<<<<
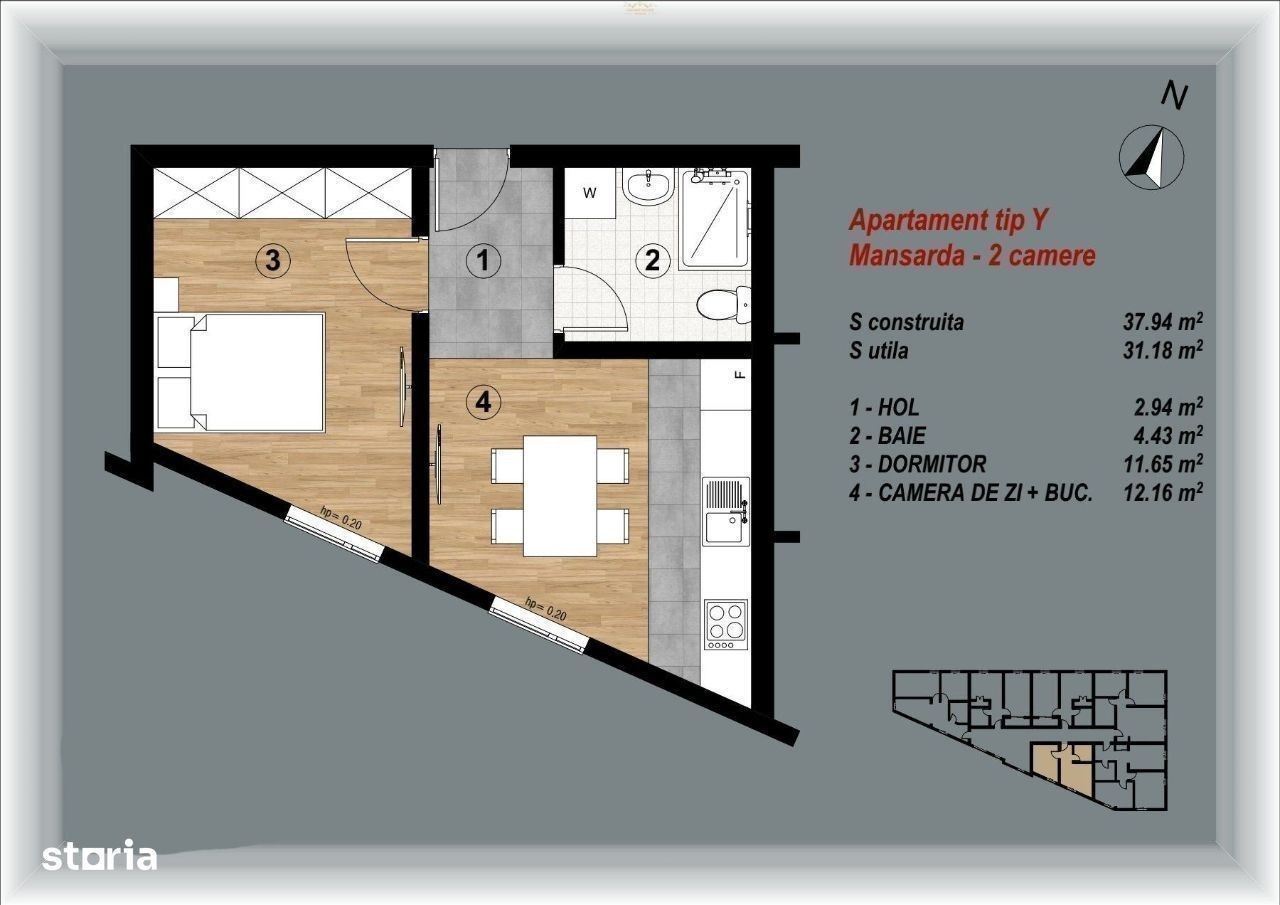 Garanti House Imobiliare va ofera cu *Comision 0%* spre vanzare apartamente cu 2 si 3 camere in suprafata construita cuprinsa intre 38 mp - 66.6 mp, fiind situate la etajul 4 (mansarda) al unui imobil nou localizat in zona centrala a orasului (zona Tipografiei), avand in imediata apropiere puncte de interes, precum:
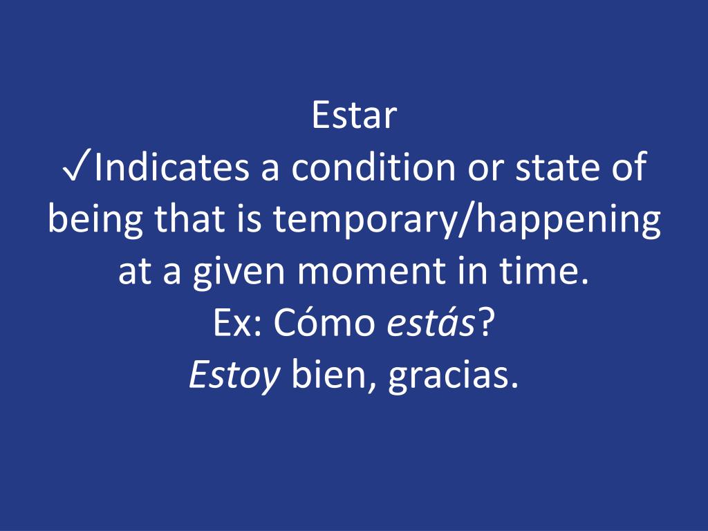 Estar✓Indicates a condition or state of being that is temporary/happening at a given moment in time.Ex: Cómoestás?Estoybien, gracias.
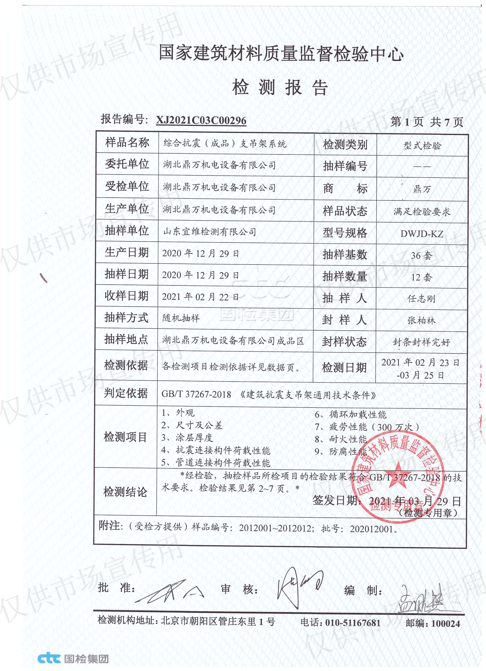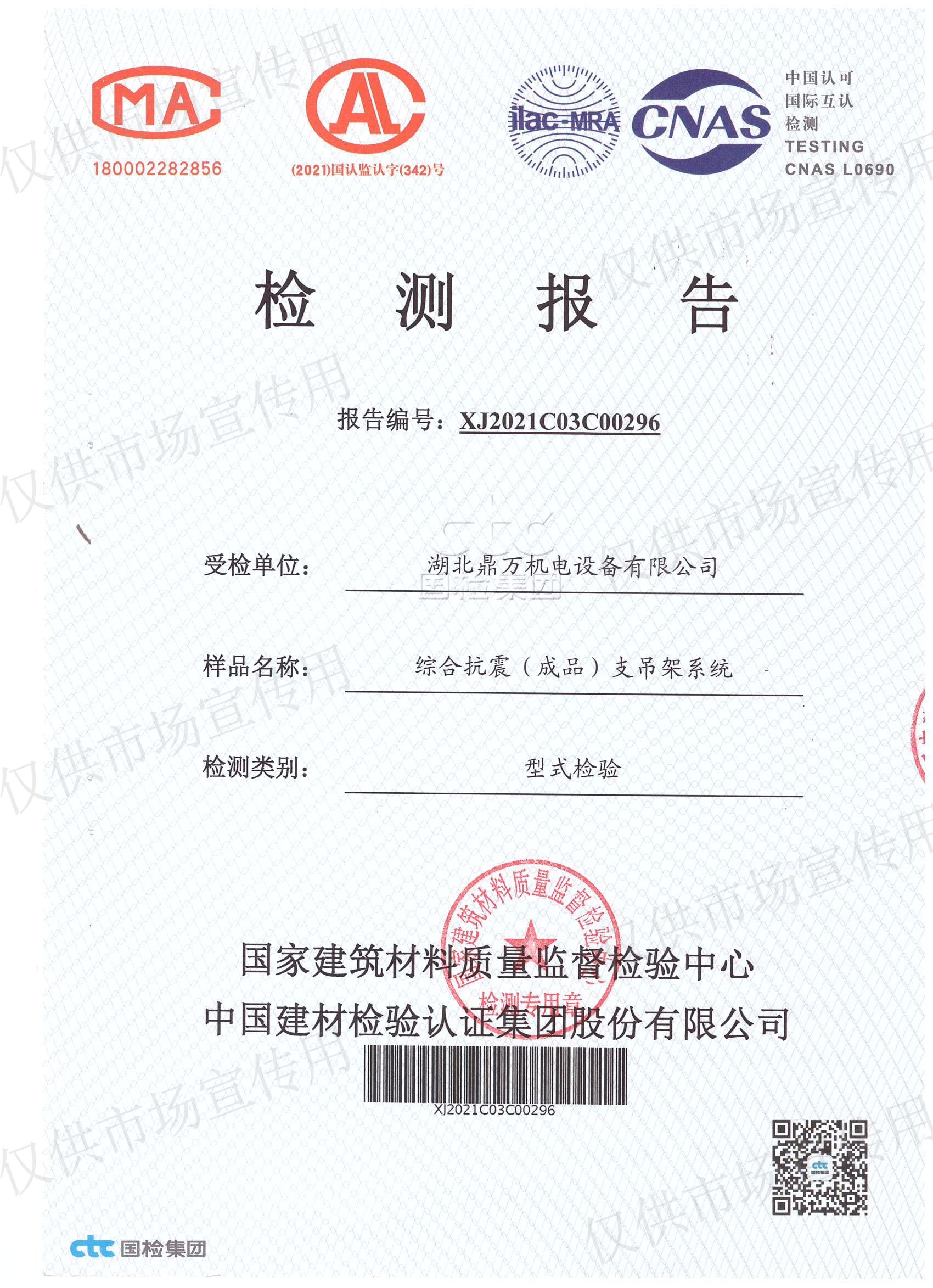 國家建材質(zhì)檢中心型式檢驗報告
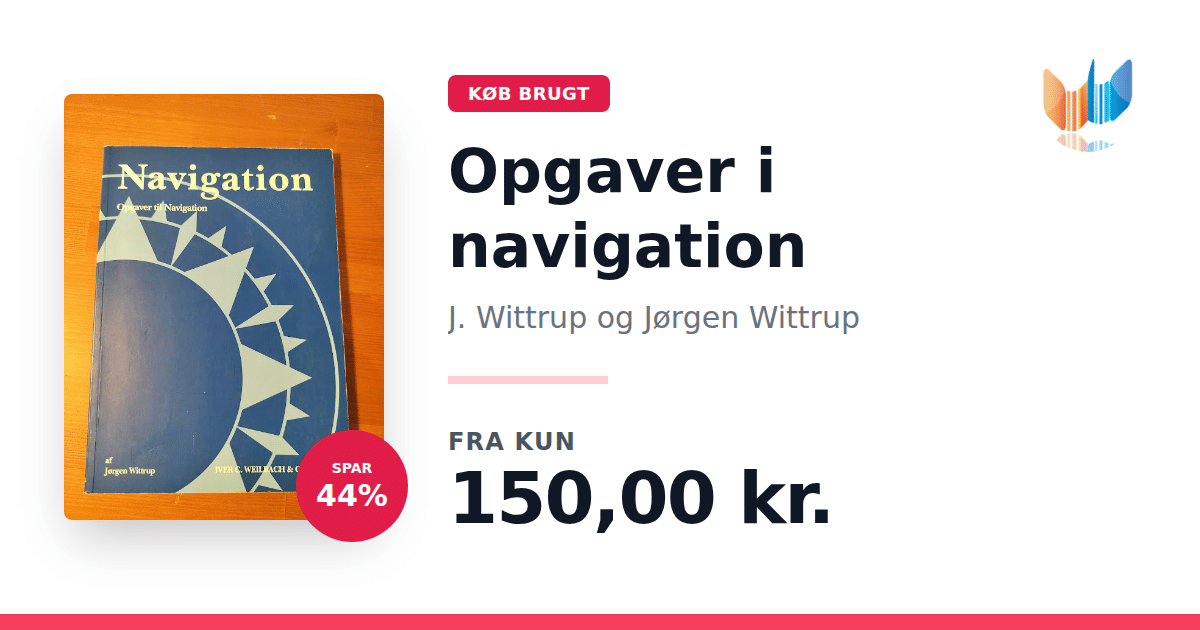 Lige nu kan du købe "Opgaver i navigation" af J. Wittrup og Jørgen Wittrup til kun 150,00 kr. Du sparer hele 44% af nyprisen! Bogen du ser her er brugt, og i perfekt stand. Vi har i øjeblikket kun et enkelt eksemplar til salg af "Opgaver i navigation", så slå til mens du kan!
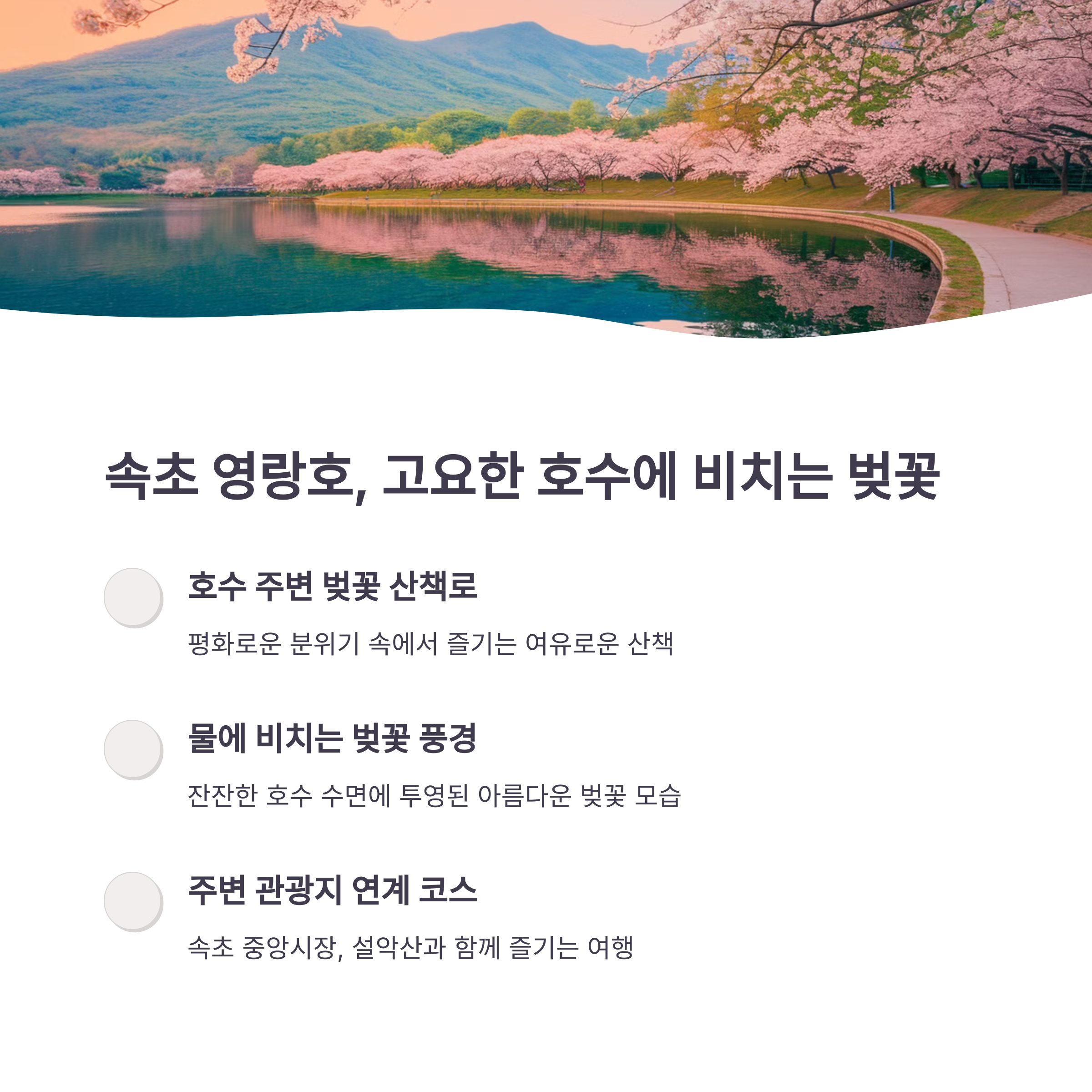 야경 놓치지 않기: 경포호와 전천 벚꽃길의 밤 풍경은 낮과는 또 다른 감동을 줍니다. 해 질 무렵 방문해 두 가지 매력을 모두 누려보세요. “밤의 꽃은 낮보다 더 깊은 이야기를 품고 있다”는 말이 떠오를 거예요.
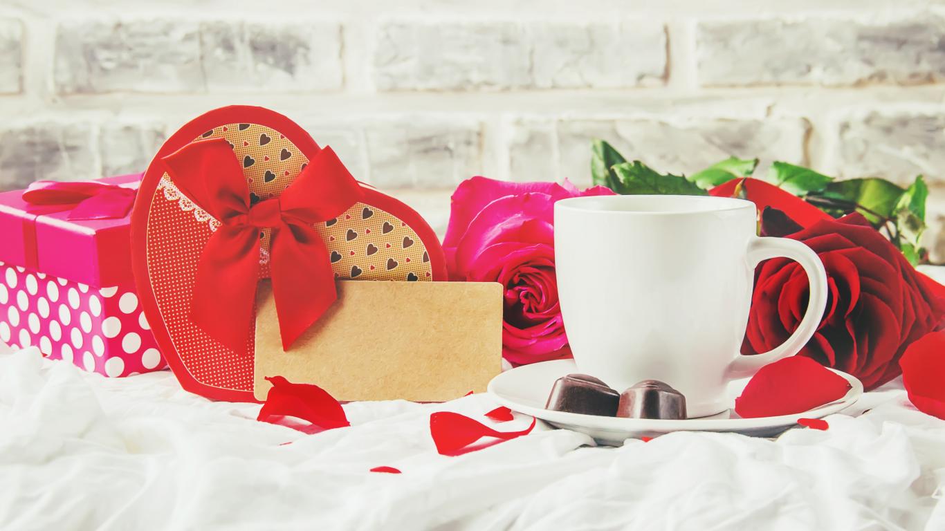 Wallpaper Box with a gift on the table with a cup of coffee and red roses
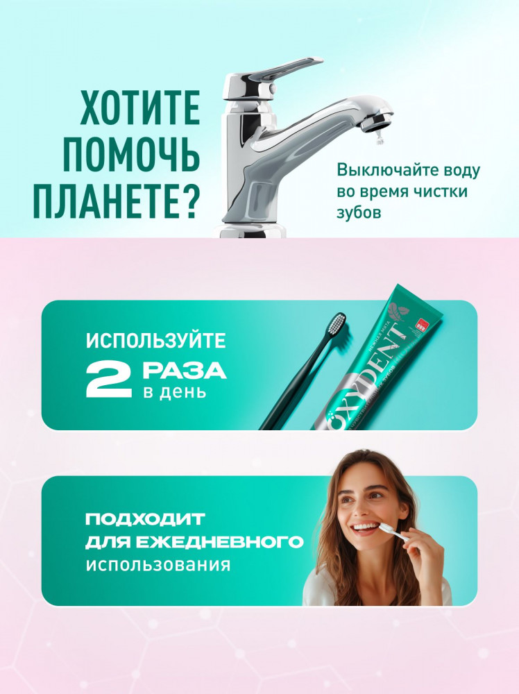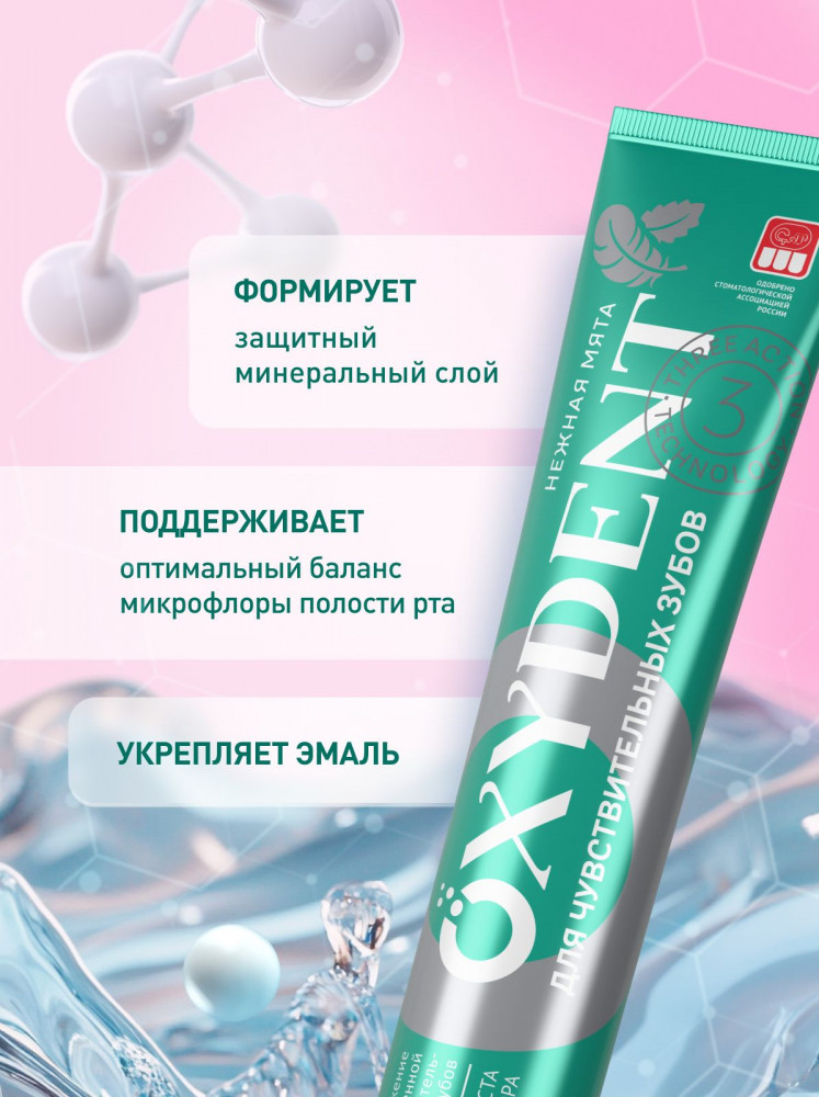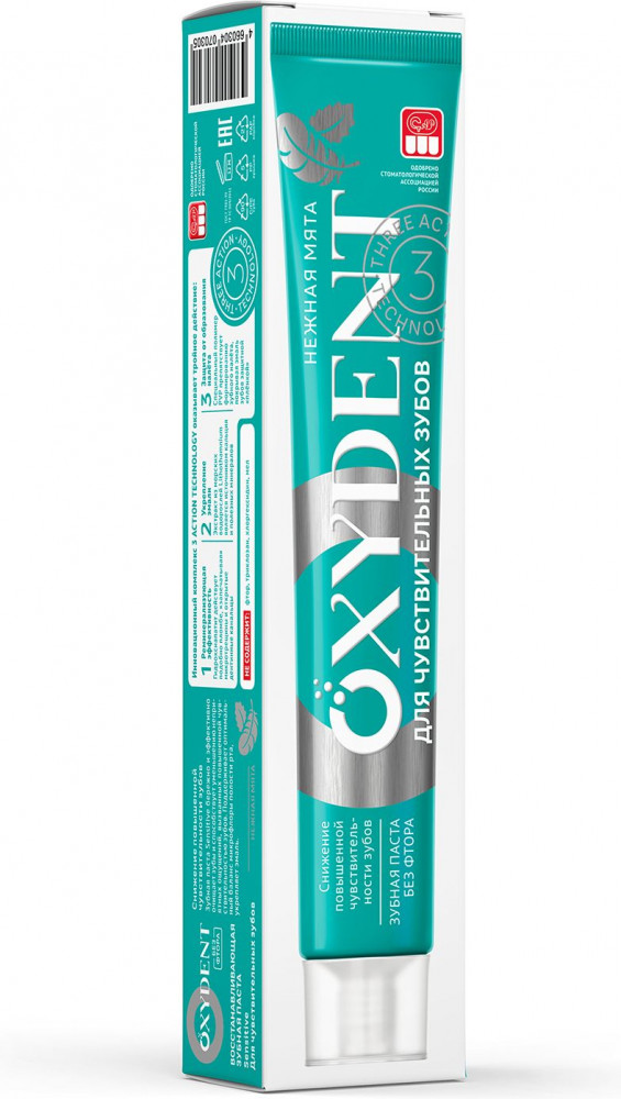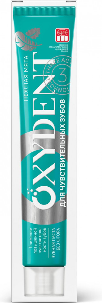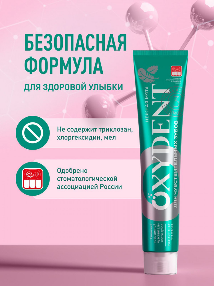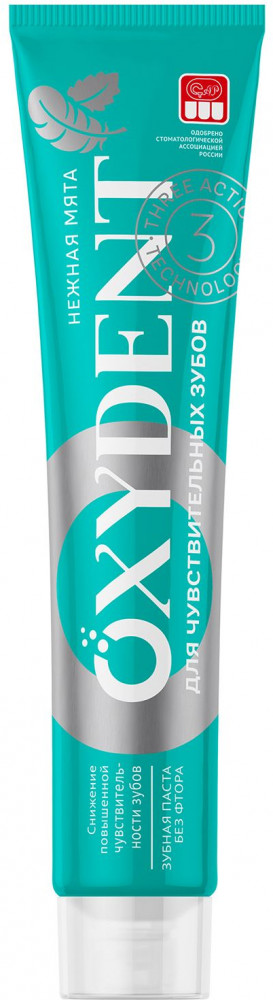 Зубная паста Oxydent идеально подходит для ежедневного использования и рекомендована к применению Стоматологической Ассоциацией России — крупнейшей профессиональной организацией стоматологов в России. Паста не содержит фтор, триклозан, хлоргексидин, мел. Обеспечивает безупречную чистоту и длительную свежесть дыхания, не травмируя эмаль и не повышая чувствительность зубов.
>>>>
WORK ITEM:
What you return should match the material line for line, with the images removed.

EXERCISE ANSWER:
 Garanti House Imobiliare va ofera cu *Comision 0%* spre vanzare apartamente cu 2 si 3 camere in suprafata construita cuprinsa intre 38 mp - 66.6 mp, fiind situate la etajul 4 (mansarda) al unui imobil nou localizat in zona centrala a orasului (zona Tipografiei), avand in imediata apropiere puncte de interes, precum:
 Estar✓Indicates a condition or state of being that is temporary/happening at a given moment in time.Ex: Cómoestás?Estoybien, gracias.
 國家建材質(zhì)檢中心型式檢驗報告
 Lige nu kan du købe "Opgaver i navigation" af J. Wittrup og Jørgen Wittrup til kun 150,00 kr. Du sparer hele 44% af nyprisen! Bogen du ser her er brugt, og i perfekt stand. Vi har i øjeblikket kun et enkelt eksemplar til salg af "Opgaver i navigation", så slå til mens du kan!
 야경 놓치지 않기: 경포호와 전천 벚꽃길의 밤 풍경은 낮과는 또 다른 감동을 줍니다. 해 질 무렵 방문해 두 가지 매력을 모두 누려보세요. “밤의 꽃은 낮보다 더 깊은 이야기를 품고 있다”는 말이 떠오를 거예요.
 Wallpaper Box with a gift on the table with a cup of coffee and red roses
 Зубная паста Oxydent идеально подходит для ежедневного использования и рекомендована к применению Стоматологической Ассоциацией России — крупнейшей профессиональной организацией стоматологов в России. Паста не содержит фтор, триклозан, хлоргексидин, мел. Обеспечивает безупречную чистоту и длительную свежесть дыхания, не травмируя эмаль и не повышая чувствительность зубов.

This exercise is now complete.